Beginning at the top of the data below, restate every line word for word until the line containing "洛克王國阿布進化成的白龍叫什么_洛克王國阿布進化成的白龍叫什么" has been included, and omit the pictures.

[Records from a dataset]
--------------------------------
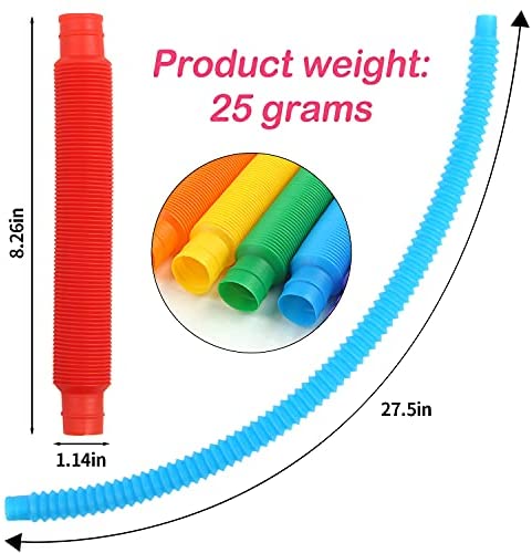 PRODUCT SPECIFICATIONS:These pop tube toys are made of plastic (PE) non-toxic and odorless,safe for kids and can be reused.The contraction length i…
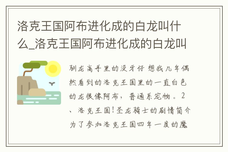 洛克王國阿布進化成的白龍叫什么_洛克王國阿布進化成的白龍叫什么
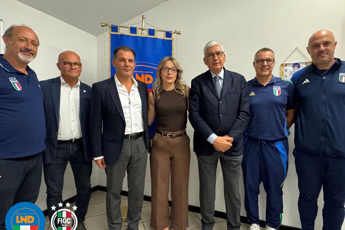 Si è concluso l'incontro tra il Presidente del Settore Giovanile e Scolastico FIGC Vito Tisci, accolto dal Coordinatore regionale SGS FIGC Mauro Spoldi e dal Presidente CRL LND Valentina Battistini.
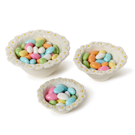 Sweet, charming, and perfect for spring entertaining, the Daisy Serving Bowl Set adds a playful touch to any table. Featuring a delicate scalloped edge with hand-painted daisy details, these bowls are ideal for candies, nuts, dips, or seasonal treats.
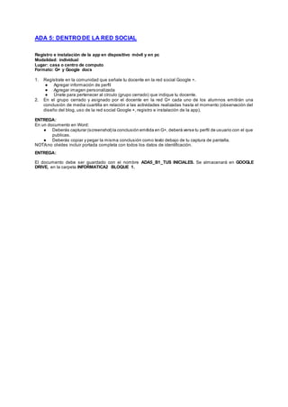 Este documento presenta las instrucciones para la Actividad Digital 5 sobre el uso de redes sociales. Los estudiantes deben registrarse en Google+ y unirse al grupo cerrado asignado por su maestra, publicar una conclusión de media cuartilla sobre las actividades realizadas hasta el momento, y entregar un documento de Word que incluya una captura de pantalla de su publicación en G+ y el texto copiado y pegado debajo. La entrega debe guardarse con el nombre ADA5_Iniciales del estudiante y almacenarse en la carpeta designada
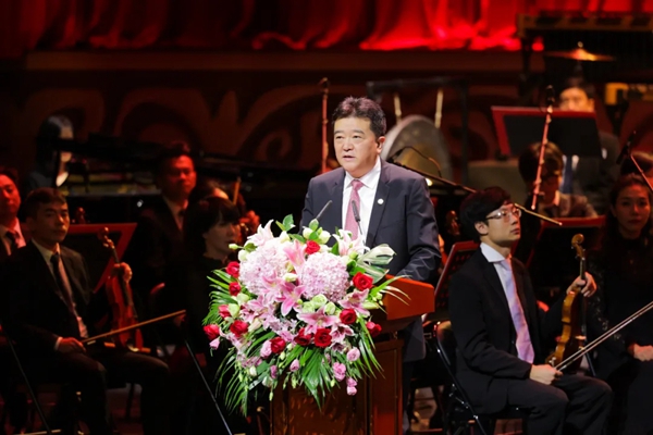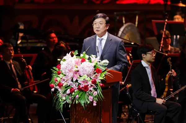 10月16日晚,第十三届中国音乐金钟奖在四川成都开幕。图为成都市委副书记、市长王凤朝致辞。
--------------------------------
◆ **ANSWER TO THIS PROBLEM**:
 PRODUCT SPECIFICATIONS:These pop tube toys are made of plastic (PE) non-toxic and odorless,safe for kids and can be reused.The contraction length i…
 洛克王國阿布進化成的白龍叫什么_洛克王國阿布進化成的白龍叫什么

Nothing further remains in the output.